#### [WHAT NEEDS TO BE DONE]
Copy out exactly the lines below that run from the one holding "鲜虾4只;金龙鱼活性发酵空心挂面80克;鸡蛋1个;西兰花少许;" to the one holding "It is the same", keeping both of those lines and no others.

#### [MATERIAL FOR THIS TASK]
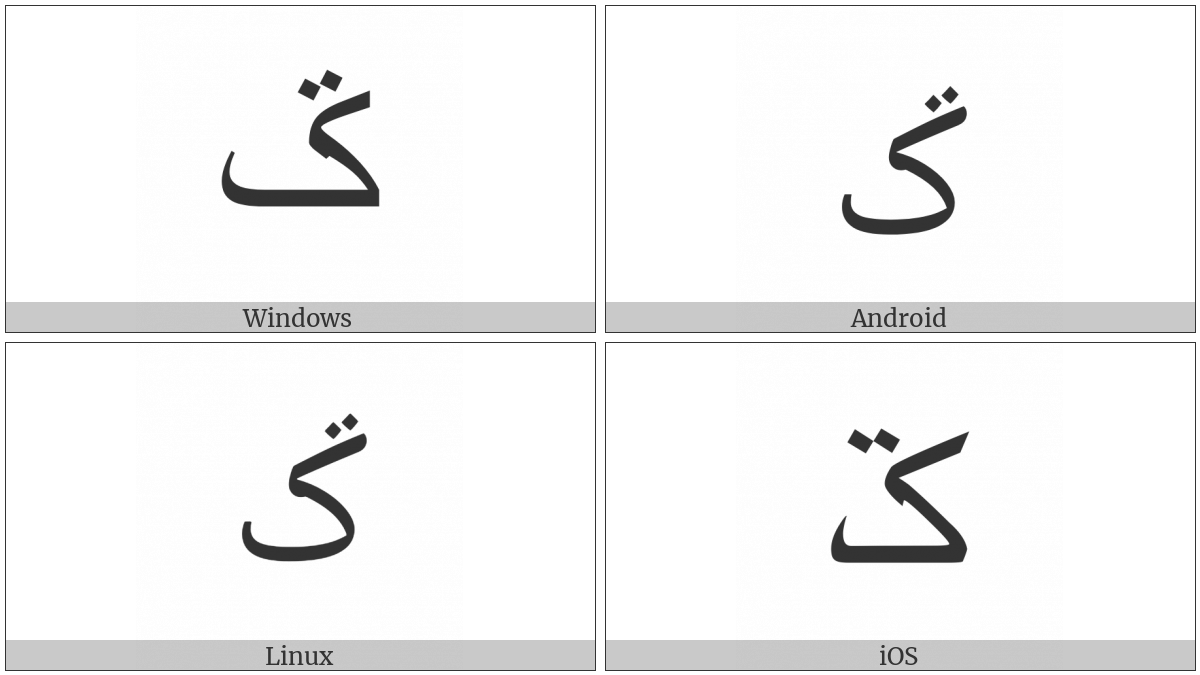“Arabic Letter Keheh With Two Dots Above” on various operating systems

...

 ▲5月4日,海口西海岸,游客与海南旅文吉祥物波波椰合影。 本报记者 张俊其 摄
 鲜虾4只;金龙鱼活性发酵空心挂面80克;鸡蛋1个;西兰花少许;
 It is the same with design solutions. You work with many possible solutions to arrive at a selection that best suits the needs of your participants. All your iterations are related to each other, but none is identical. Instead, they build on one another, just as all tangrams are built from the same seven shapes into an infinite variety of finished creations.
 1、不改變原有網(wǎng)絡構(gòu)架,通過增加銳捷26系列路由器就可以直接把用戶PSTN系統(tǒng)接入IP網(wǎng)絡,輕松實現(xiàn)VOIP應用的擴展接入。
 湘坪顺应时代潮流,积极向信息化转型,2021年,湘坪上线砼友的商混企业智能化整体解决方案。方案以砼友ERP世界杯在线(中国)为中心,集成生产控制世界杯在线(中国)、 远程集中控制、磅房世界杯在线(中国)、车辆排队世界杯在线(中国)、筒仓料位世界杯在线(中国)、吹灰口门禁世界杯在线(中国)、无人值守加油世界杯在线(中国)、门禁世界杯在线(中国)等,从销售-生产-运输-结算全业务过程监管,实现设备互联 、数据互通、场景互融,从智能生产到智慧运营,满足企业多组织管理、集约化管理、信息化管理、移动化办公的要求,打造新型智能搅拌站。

#### [ANSWER BOX]
 鲜虾4只;金龙鱼活性发酵空心挂面80克;鸡蛋1个;西兰花少许;
 It is the same with design solutions. You work with many possible solutions to arrive at a selection that best suits the needs of your participants. All your iterations are related to each other, but none is identical. Instead, they build on one another, just as all tangrams are built from the same seven shapes into an infinite variety of finished creations.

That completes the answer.